Sharing a boarder with southeastern Slovakia, Nógrád isn’t a big Hungarian town. It’s not a town at all, actually, but a village, a real old-Europe village where the shadows of older times lurk much closer than in the bigger cities where there are occasional cobblestone reminders.
Just before daylight the village roosters were awakened by the circadian rhythms and began their territorial singing, and soon after the daily announcements from the loud speaker. I was told that they announced twice that the pharmacy would open on Friday from 10:30 until 11:30. Apparently one hour is all that is needed for prescription pick-ups and vitamin refills. These announcements were strangely soviet to me, though after a few days I warmed to the rustic simplicity and resolved that they were, like most everything in the village, quietly idyllic.
I suppose if you are an average Midwestern American like I am, and you were suddenly transported into Nógrád, you might feel some familiarity. The creeks, marble arches, honeysuckle in bloom. German dogs sunning themselves in the grass next to the peach trees. The woodland and the pastures, the apple groves. People harvest various fruits and vegetables, others ride bikes, gather flowers, run for the train or the ice cream truck. But the pace is distinctively small town European. The mayor, for example, makes
mákos rétes (poppy seed strudel) and delivers a few portions to the family I stayed with. The mayor. And grandmothers are always calling the grandkids to their homes to eat the ice cream they picked up from the confectionary. Hungarian kids are always getting ice cream rewards. And Túró Rudi. Of course you’d be hard pressed to find the spectacular ruins of a castle on the top of an average Ohio hill.

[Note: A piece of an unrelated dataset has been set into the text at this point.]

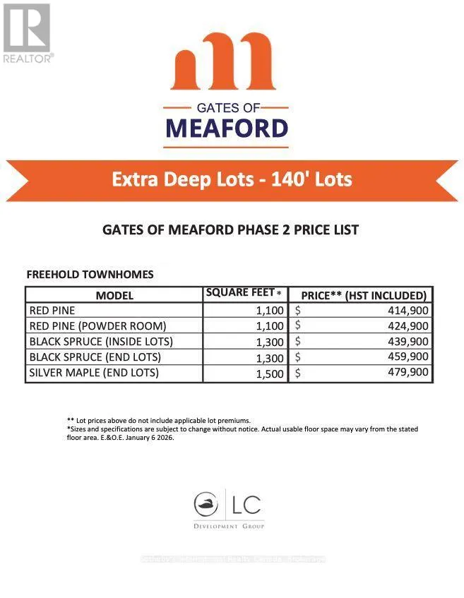 Cross Streets: HWY 26 & Equality Drive. ** Directions: HWY 26 to Equality Drive. To Be Built | Extra Deep 140' Lots | Occupancy Late 2026 / Early 2027. Introducing the Black Spruce by LCDG in the sought-after Gates of Meaford community. This newly constructed 1,300 sq. ft. townhome offers 3 bedrooms and 3 bathrooms, including a spacious Primary bedroom with private ensuite. The open-concept main floor features contemporary finishes and a well-planned layout suited to both daily living and entertaining. A single-car garage with inside entry adds everyday convenience.The unfinished basement provides excellent potential for future development, additional living space, or ample storage.Ideally situated just minutes from downtown Meaford's shops, dining, and waterfront, with easy access to the four-season recreation of Blue Mountains, Collingwood, and Owen Sound. Golf, skiing, hiking, and year-round activities are all within close reach.An outstanding opportunity to own a brand-new home on a premium deep lot in a growing four-season community. (id:27476)

I stayed with the family for a week and organized English lessons for the two eldest children (15 and 14). And when we weren’t playing tennis, touring the father’s vast property on quads, riding horses, or eating Hungarian specialties to the point of excruciating pain, we talked about American gossip rags, celebrities, pop art, comic books, cooking, and American sports.
I gave them vocabulary lists and they actually gasp made notes on them. And doublegasp listened to me and asked questions. And triplegasp actually used the new words. And seriously, for you educators out there, when was the last time your student’s mother interrupted your lesson to bring you ice cream bars and raspberry syrup for the sparkling water?
As I look through all of the pictures I took over the week, I really appreciate even more the quaintness of these little towns outside of Budapest. And while for some a place like Nógrád is just a place for a summer or weekend home, it’s another example of the kind of feeling I was hoping to find when moving here. Unspoiled by the bus exhaust and tourist mobs, it is simple, pastoral. A place where you can write, and actually hear your own words coming back to you.
Nógrád, 7 am
It’s the end of blackberry season. This morning the rooster’s lungs seem strained in his cockled melody of morning. The plums are so fat the branches bow to the grass, and honeybees are wingside hoping to suckle the warm nectar drip. The family is still sleeping, as are the farm workers though the young mare needs tending in the barn. The village dogs that spent the night moon-howling are resting now in thin alleys of morning sun. Dry creek beds crackle as the train vibrates past. Split wood shifts on the piles in the north stables. And on the distant hill, morning is as green as time here, is as new as the words for it. Everything is alive and resting. The empty wine cellars dug cool into the hills, the peach pits mixed with pebbles on the side of the lake. Everything is resting and everything is moved. The pottery wheel, for example, turned slowly by wind. The stones of the gunpowder-ruined castle with no memory of that season of lightning.